Etrange Festival: Être cheval
Le pony-play est le jeu de domination entre un dresseur et un dressé, harnaché, métamorphosé et devant se comporter comme un cheval. Ils seraient plusieurs dizaines de milliers d’adeptes de cette pratique à travers le monde. Jérôme Clément-Wilz a suivi l’un d’eux : Karen, transgenre, 50 ans, professeur à la retraite, dans sa quête initiatique pour assouvir ses fantasmes.
LA (VRAIE) VIE AU RANCH
"Moi, je suis punk". C'est l'une des premières phrases de Être cheval, prononcé par la protagoniste du film, adepte du pony-play. Dans sa bouche ce n'est ni une provocation, ni une justification, c'est même l'inverse. Par cette phrase, le film nous prévient d'entrée: il est ici moins question de sexualité que d'état d'esprit, de philosophie. L'androgyne et queer Karen a beau avoir le dos bardé de cicatrices, entraperçues lors d'un plan fugace (et balayées d'un laconique et léger "Ça me vient de combats au couteau"), c'est son recul et son équilibre qui frappent avant tout. Karen a la tête sur les épaules, sait très bien ce qu'elle fait et pourquoi elle le fait. Être cheval n'est pas un freak show, ce n'est pas non plus un épisode de Striptease où l'on scruterait la folie quotidienne en plan rapproché. Le documentaire de Jérôme Clément-Wilz frappe au contraire par sa pudeur et son respect.

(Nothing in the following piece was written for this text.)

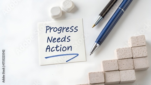 White notepaper with Progress Needs Action written with blue pen

Les scènes de dressage n'y sont jamais choquantes, ou même drôles malgré elles. Car le pony-play n'est pas un fétichisme sexuel – il n'y a d'ailleurs même pas de rapport sexuel entre le dresseur et son dressé. Il y a certes un équipement lourd à porter, des œillères, des cordes qui servent au dressage, mais ce n'est pas du sado-masochisme pour autant. Le vrai SM, remarque Karen, ce serait plutôt la violence de nos vies quotidiennes urbaines. Le ranch de Floride où elle part faire son apprentissage apparaît au contraire comme une parenthèse enchantée, coupée du monde. Un lieu où peuvent s'exprimer les identités les plus alternatives. Une autre adepte du dressage se présente d'ailleurs spontanément à la caméra moins comme un homme ou une femme que comme une licorne - là encore, sans que cela paraisse drôle. C'est d'ailleurs moins l'effort physique régulier que le retour à la réalité qui est difficile: chaque séance se termine par un vertige pour Karen, qui sort de costume comme d'un rêve qu'on ne veut pas quitter.
Malgré une forme brute, Être cheval parvient à toucher du doigt avec émotion ce qui paraît être les paradoxes du pony-play: la libération à travers la contrainte, les efforts pénibles mais volontaires et gratifiants, l'affirmation de soi à travers le port d'un costume. Tout ceci ne vous rappelle-t-il rien ? Les scènes de dressage témoignent de la naissance d'un profond rapport de confiance entre dresseur et dressé... finalement comme dans un sport d'équipe. "Je suis punk", nous prévenait le film. Il ne l'est pas seulement en montrant en quoi le pony-play n'a rien de choquant, que les motivations y sont finalement les mêmes que pour d'autres pratiques bien plus acceptées, il l'est surtout en nous renvoyant en reflet une image étroite et anxiogène de notre monde extérieur.